Both six-round preliminaries were hot little sessions. In the opener, Al Gerard passed out an awful pasting to Joe Magee, despite the fact that he had a bad hand which he got in the bout with Tony Vatlin last week. Referee Conley got in bad with the crowd on this verdict, but he was very correct. In the other bout, Tony Vatlin got a win over Kid Thomas of Lawrence, in six hot sessions.

1916-09-06 The Evening Times (Pawtucket, RI) (page 6)
BOSTON, Sept. 6.--Frankie (Young) Britt, the New Bedford featherweight, had his championship aspirations punctured by Memphis Pal Moore in a 12-round bout at the Armory A. A. last night. Punctured is about all that happened, but the Whale City fighter can mend the damage easily enough in time. Moore won the decision by Referee Larry Conley, a hair line verdict at the best. A draw would have satisfied the rank and file, but Conley drew the line tight and awarded the verdict to Moore on the strength of a rally made by the southerner in the last four frames.

Britt started out like a sure enough winner, winding stiff rights and lefts to the visitor's face and body that left their impression every time they landed. The boxing was fast with the final round just as speedy as the first, when Britt did his best work. Moore's rally made near the finish of the bout, was of the sensational kind, but his blows lacked the force of those that Britt shot home. However, points are the main features in boxing matches these days and it was the greater number of blows landed by Moore that eventually won him the verdict.

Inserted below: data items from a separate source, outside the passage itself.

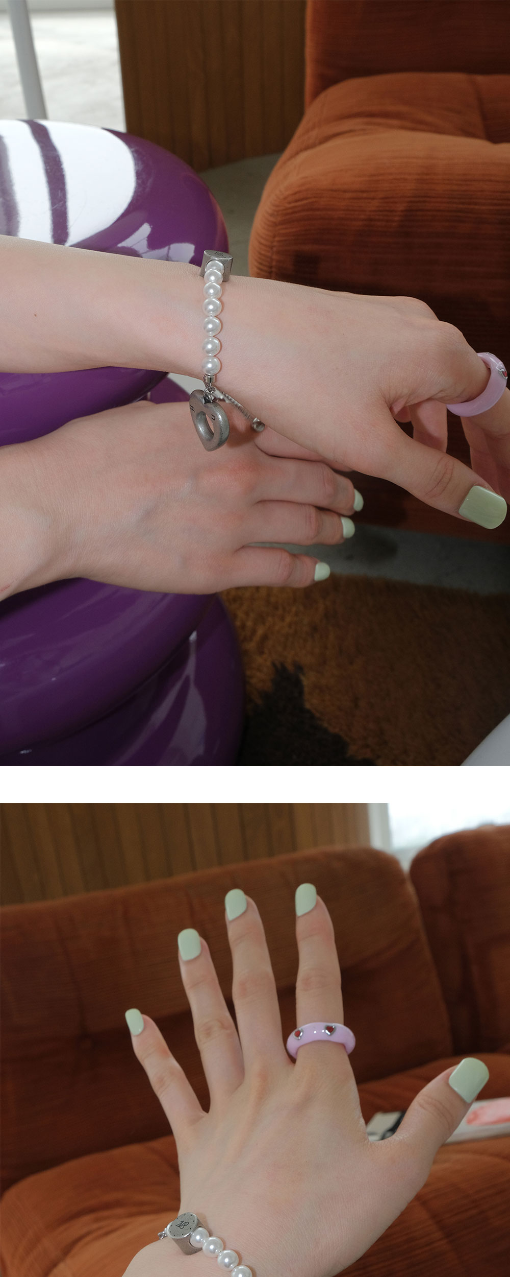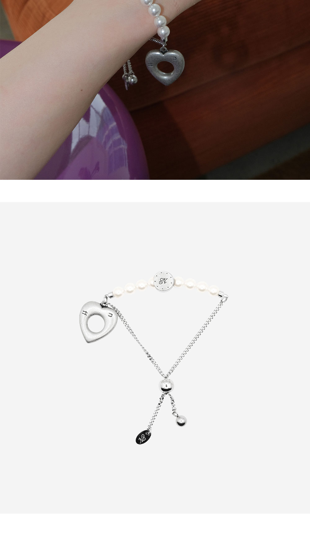 엔프프 하트 펄 브레이슬릿 실버
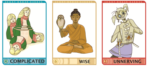 Short Order Heroes are a set of cards from Calico Games that are just art and a single trait or descriptor. You can draw as few or as many as you need. They map really well to aspects, distinctions, or similar characteristics. There are 108 cards in the base deck. Expansion decks are horror, science fiction, fantasy-flavored cards, and cards for relationships, events, and motives. I usually have Short Order Heroes on hand when I run a game to flesh out NPCs I come up with on the fly.
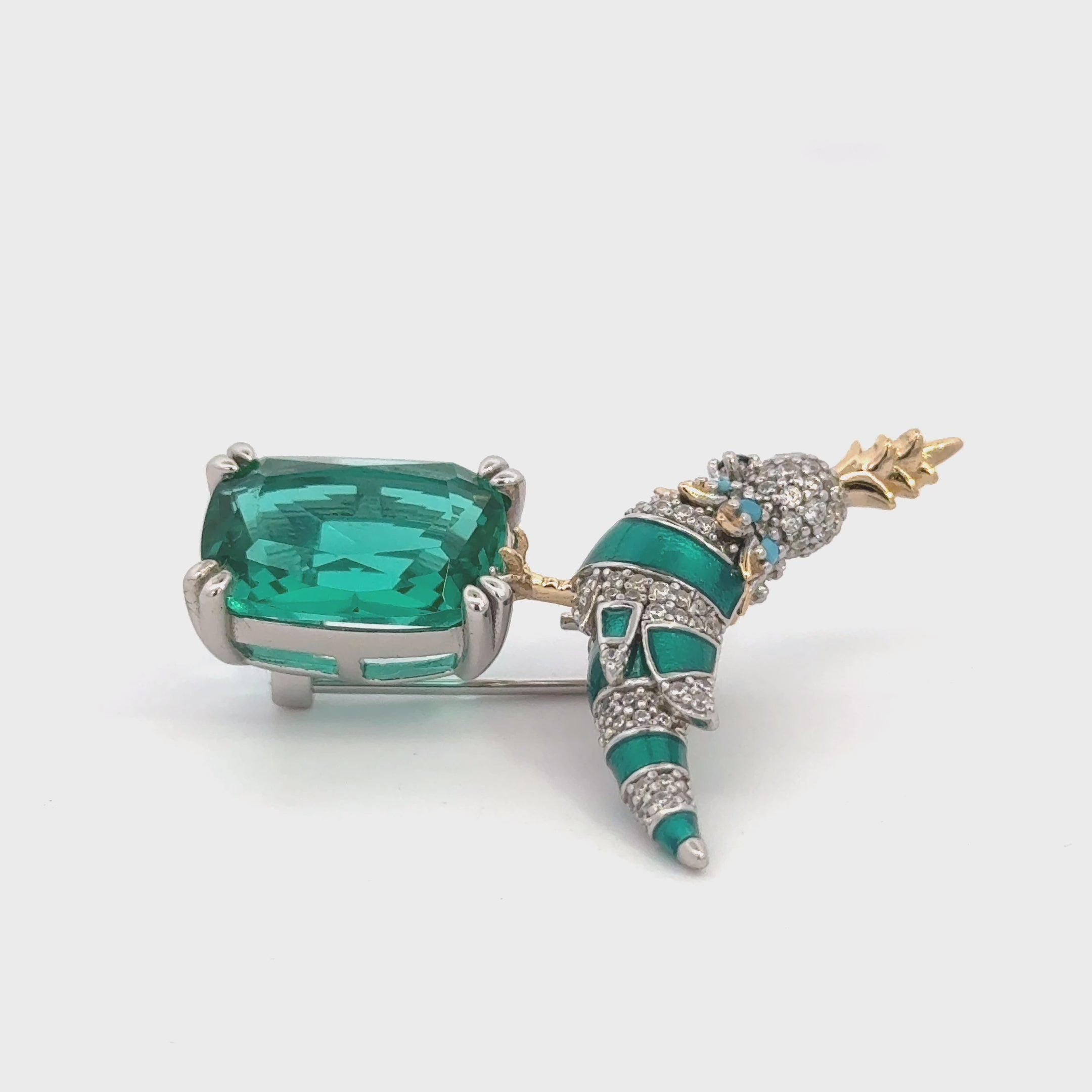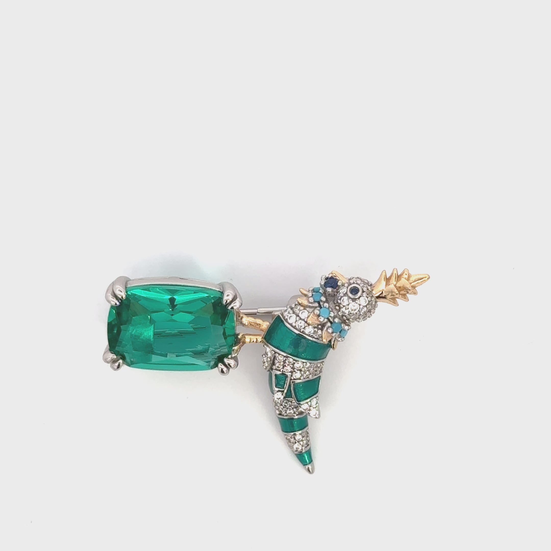 Handcrafted from 925 sterling silver, the birdβs body is brought to life through a vivid green enamel finish, enhanced by a trail of sparkling clear zircons that catch the light with every turn. Its crest and legs are accented in lustrous gold plating, adding warmth and contrast to the design. A delicate collar of turquoise zircons encircles the neck, drawing the eye with a subtle pop of colour. Perched confidently atop a rectangular-cut lab-grown emerald, the love bird forms a stunning focal point.

Terry Brooks and Walter Butler opened the double all-star programme in the first 12-round bout. Their match resulted in a lackadaisical sort of an encounter for the most until Brooks got his swings working near the finish of the contest. Butler appeared afraid to get anywhere near Brooks at the start and the way they missed each other brought jeers from a number of the fans.

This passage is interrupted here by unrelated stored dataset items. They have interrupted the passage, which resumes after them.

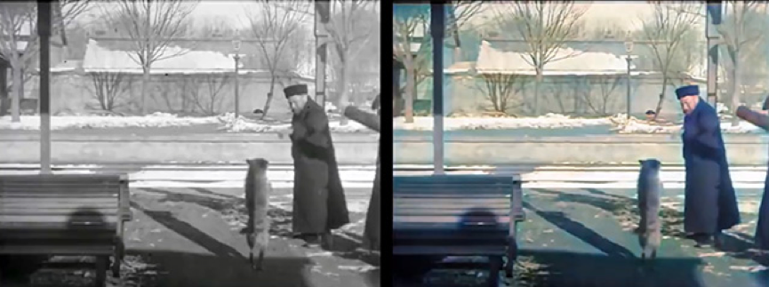这段珍贵的视频由南卡罗莱纳大学图书馆收藏,大谷将视频的修复工作分成了两个阶段,第一个阶段主要针对画面进行补帧、扩分辨率、上色三个环节修复:
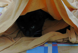 Blacky liebt es fast suchtartig, sich in einen Pullover oder ein T-Shirt von mir zu legen. Am besten in ein noch nicht gewaschenes mit leichtem Schweissgeruchambiente. Da ist er fast high. Also passiert es öfter, dass ich seine Notlage erkenne und mich umziehe ;)).
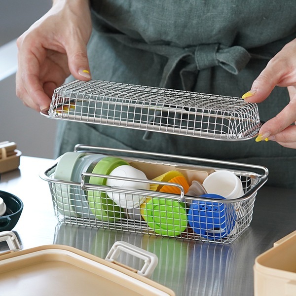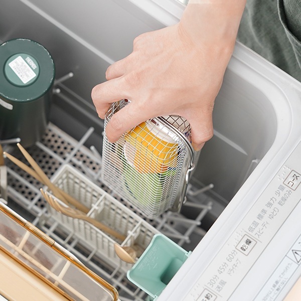 食洗機で洗うときに散らばりがちなマグボトルのフタやパッキン、お弁当用小物を、散らばることなく洗える小物かご。洗い終わりに小物を探す必要がなくなり、家事の手間が少なくなります。
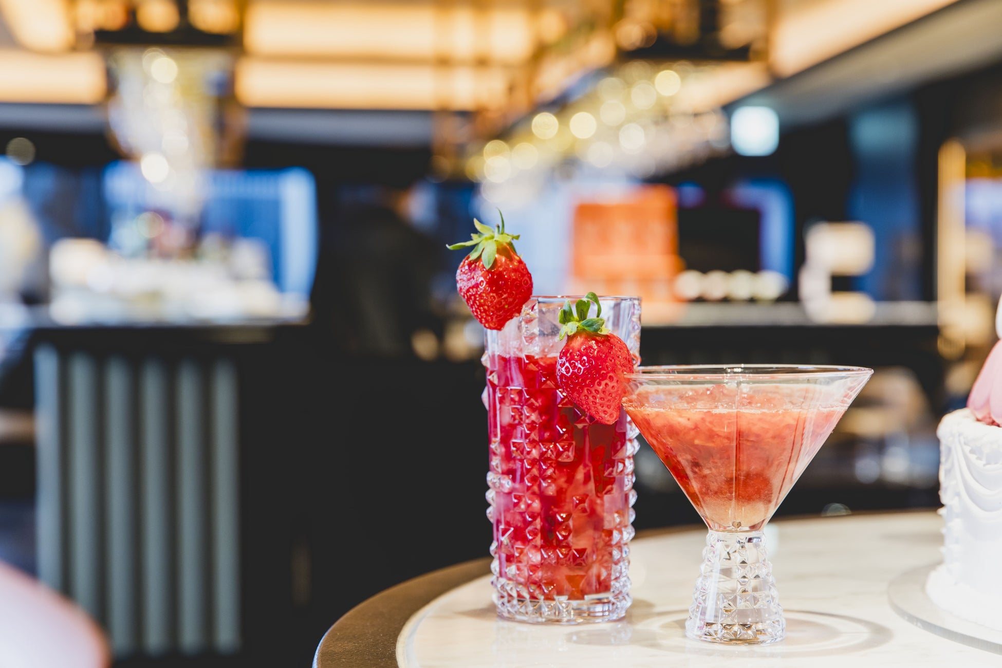 「ル バー フォション」では、赤くて美しいあまおうを使用したカクテルとモクテルをご提供いたします。「ストロベリーフィールズ」、イチゴ畑と名付けられたドリンクには贅沢に大きなあまおうの果実をふんだんに使用。飲んだ瞬間に口いっぱいに広がる風味豊かなイチゴの味をお楽しみください。
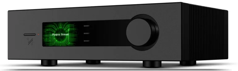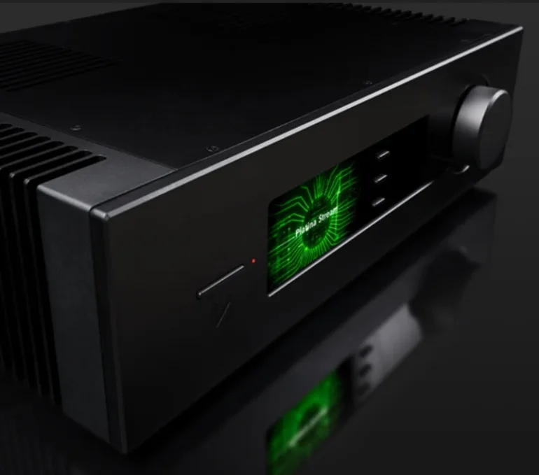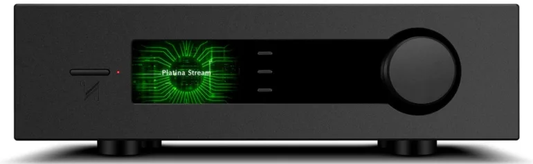 Platina Stream reprend exactement la présentation du l’amplificateur intégré – Dac incluant le magnifique écran couleur LCD IPS 4,3″ 800 x 480 et les deux radiateurs / dissipateurs thermiques latéraux. Il est également paré d’un encodeur en façade complété par la télécommande incluse pour offrir un contrôle précis par menu et des réglages rapides des paramètres. Cet écran permet une navigation complète par menu, une prise en charge multilingue et des informations de lecture en temps réel. Comme l’amplificateur, il peut même se transformer en VU-mètre.
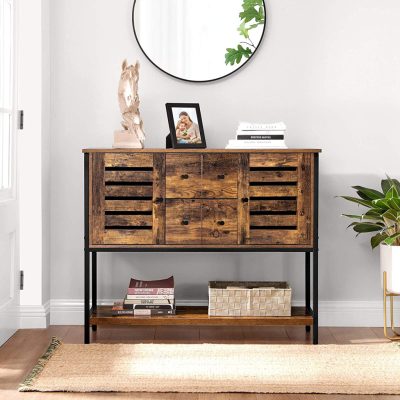 A rusztikus barna panelekkel és fekete fémmel ez a szekrény ipari hangulatot kölcsönöz, hogy otthona semmihez sem hasonlítható legyen.
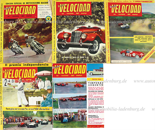 Konvolut 5 Sonderausgaben der Zeitschrift „Velocidad“, mit zahlreichen Berichten zur Carrera Panamericana, sowie verschiedene Grand Prix Rennen, Ausgaben 25.März.1954, 25.Oktober.1954, Rückseite mit Ergebnis Panamericana 1953; Heft 7 25.Dezember.1954, innen mit Ergebnisliste Panamericana 1954; Heft... mehr
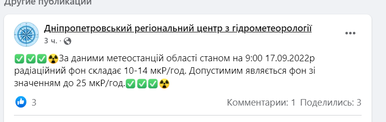 Який радіаційний фон у Дніпрі та області станом на 17 вересня
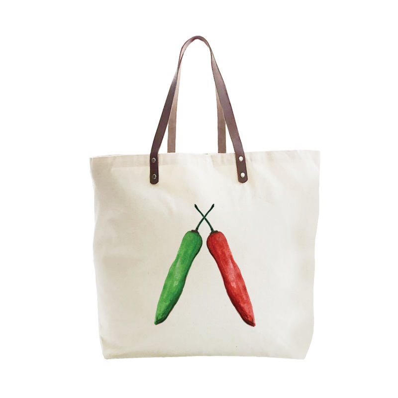 Large cotton canvas tote with leather handle is 22" x 15" x 5.5" and looks great with our original Tina Labadini Designs art. Our stylish totes are fun accessories and make great gifts.
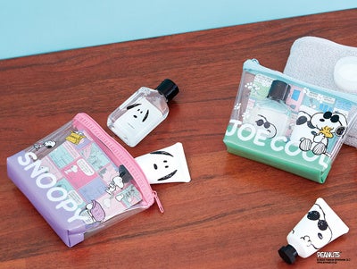 スヌーピーとピーナッツフレンズの女の子たちの楽しげなひとときが描かれたポーチセット。

For a match that pointed toward a real fight fest the battle was a sorry disappointment. Butler plainly showed that he had not recovered from his setback by Joe Welling. Toward the finish of his bout last night Butler was subjected to some harsh treatment, a number of Brooks' swings landing hard enough to have the Reachmont boxer on the verge of distress.

Their bout was anything but what was expected. Brooks, making an earlier start, might have secured better than the draw verdict he was given.

Al Girard of the North End won a six-round decision over Joe Magee of New Bedford, and Tony Vatlan of Brighton added Kid Thomas of Lawrence to his unbroken string of victories, defeating the Machine City bantamweight in a spirited six-round bout.